На третий день я покончила с облепихой. Её частью заморозили, частью сварили, и из пяти банок варенья две тётя Валя отдала мне, а заодно вручила и полотняный мешочек с прошлогодними кедровыми орехами, и сушёную землянику. Было немного неудобно принимать подарки, но она смотрела на меня с таким умилением, что я поняла: откажусь – не миновать обиды.

– Ты где учиться будешь, девочка моя? – участливо спросила она.

Я ответила, что в Госуниверситете, на филфаке, и пояснила на всякий случай, что это русский и литература.

– Вот Семён у нас тоже поступил в институт, – вмешался дядя Витя. – И ведь на бюджет поступил. На инженера. Два курса отучился, и какая моча ему в голову ударила? Ушёл. В армию сгребли… Ну, отслужил.

– Он бы мог отпуск там, в институте, взять, – добавила тётя Валя. – Тогда бы не пропали эти два года…

– Кабы у бабушки мудушки, была б она дедушкой, – сердито оборвал дядя Витя. – А то не говорено ему было! Нет, своё: в армию пойду, потом работать. Ну, и работает на этом своём заводе мясном. Учиться поздно теперича…

– Да не ругай уже Сёмку! Он зато женился давно, семейный человек уже, с ребёнком. Вот Гришка у нас не остепенится никак…

– Тот уж вовсе – в поле ветер, в жопе дым! – проворчал дядя Витя.

Заметив, что я внимательно смотрю на них и пытаюсь всему внимать, он сделал мне шутливое замечание:

– Да ты опять нас слушашь! Не слушай ты эту нашу волыну. Щас в городе поучишься, ума как наберёшься, потом зимой к нам приедешь – а у нас вся деревня в снегу! Вся-вся.

– Много снега? – наивно спросила я.

– Что ты, девка! Как из автобуса выходят – лопату в руки и давай разгребать. Один впереди с лопатой, командует: жди две минуты. Две минуты прошло, следующий пошёл. И так вот один за другим всю дорогу и расчищают. А коровы на зиму в сугроб ложатся. Да. Осенью готовятся, жир копят, а потом сугроб себе готовят – и легли туда, и всю зиму спят.

– Да что ты буровишь-то! – всплеснула руками тётя Валя. – Заговорил девчонку.

– И то правда, – согласился дядя Витя, весело поглядывая на меня. – Чё болтать попусту? Лучше настоечки выпьем.

Мне налили в стопку тёмно-коричневую пахучую жидкость.

– Это, Настя, наш домашний самогон. На кедровых скорлупках. Полезный! Такого в городе не выпьешь. На вот, попробуй.

Я выпила стопку залпом, закашлялась от резкого запаха.

– Ну как? – играя зеленоватыми глазами, осведомился дядя Витя.

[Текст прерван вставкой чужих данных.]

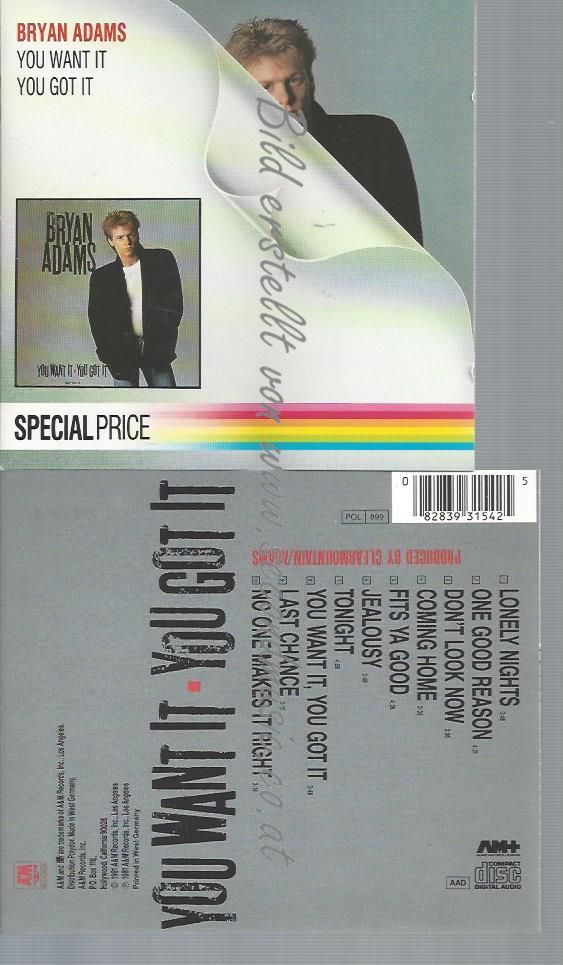 CD--BRYAN ADAMS --YOU WANT IT YOU GOT IT

Я смогла только внушительно кивнуть.

– То-то же! – довольно поддакнул он, приняв мой кивок за похвалу своему искусству.

На той же неделе я поехала на тракторе за грибами вместе с Ленкой и Ушаковыми. За рулём был Сашка, у которого выдался свободный день, а мы, сидя в кузове, неспешно говорили обо всём. По нашему следу бежали две Санькины собаки – он выпустил их, чтобы поохотились на мышей в лесу.

– Красота кругом, – легко обмахиваясь берёзовой веточкой, говорила тётя Катя Ушакова. – Пригляделись мы к ней, а ведь в какой земле живём! Хоть на карточку, а хоть на календарь снимай.

– А главное, люди в деревне крепкие, – продолжил Ушаков. – Потому что тут два пути: или загнёшься, или работать будешь. А просто так проклажаться да деньги получать не выйдет.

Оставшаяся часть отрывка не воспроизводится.